Python basics 1: python Basics
First understand the history, but this article is redundant, such as the old lady wrapped in cloth ---------- smelly and long
Encoding history:
1. The computer can only process numbers. text files can only be converted to numbers.
Can be processed. 8 bit = 1 byte, so the maximum number of energy-saving characters is 255.
2. Americans invented computers. In English, all one byte represents all characters.
The ASCII (one byte) encoding is the standard American code.
3. When Chinese people use computers, they need to represent Chinese characters, so they invented
GB2312 encoding format, that is, two bytes are used to represent a Chinese character. Similarly, other language countries
The corresponding encoding is also created. There is no common standard, so when different languages use
The corresponding encoding will produce garbled characters.
4. For unified standards, Unicode encoding has emerged, and all languages are unified into one set of codes.
Unicode and ASCII encoding comparison
1) Letter A: ASCII decimal 65, binary is 0100 0001
ASCII in Chinese characters cannot be encoded as Unicode 20013 binary: 01001110 00101101
2) for computer recognition, the uniform length, so the front position of a is 0, that is, 00000000 0100
Unified standards
5. The standard is unified, and the garbled problem is solved, but the Unicode encoding length is long, but the computer is mainly English,
If all the content is in English, Unicode encoding doubles the storage space and transmission space.

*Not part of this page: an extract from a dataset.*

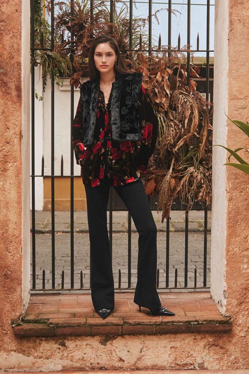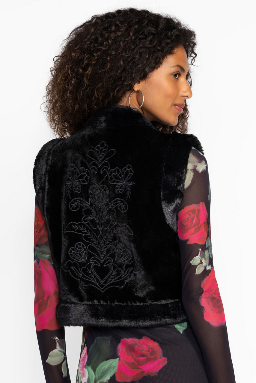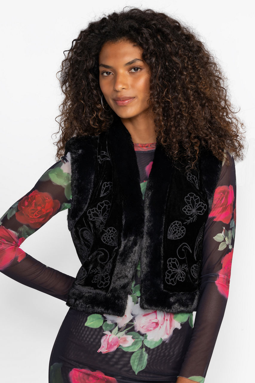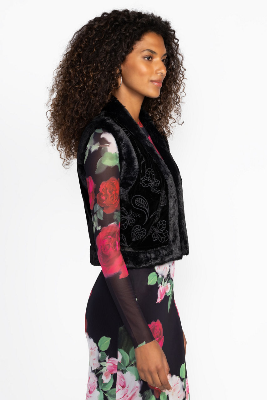 Thoughtfully crafted from a unique silk blend, the Rachella Vest creates texture and adds visual interest to your look. Embellished with intricate tone-on-tone embroidered detailing, and finished with a cozy fur-trim, this stunning vest is closed at the front with a traditional hook and eye closure. Layer over a turtleneck top and pair with relaxed denim for an elevated casual look.

How can this problem be solved?
6. If Unicode encoding can change, so the UTF-8 appears
In UTF-8, a letter is a byte, and a Chinese character is 3 bytes, especially the uncommon 4-6
Therefore, space and storage are saved.
7. The problem arises: The computer only recognizes Unicode encoding.
How to convert between UTF-8
When it needs to be recognized by the computer, it will be loaded into the memory. The encoding used at this time must be Unicode encoding.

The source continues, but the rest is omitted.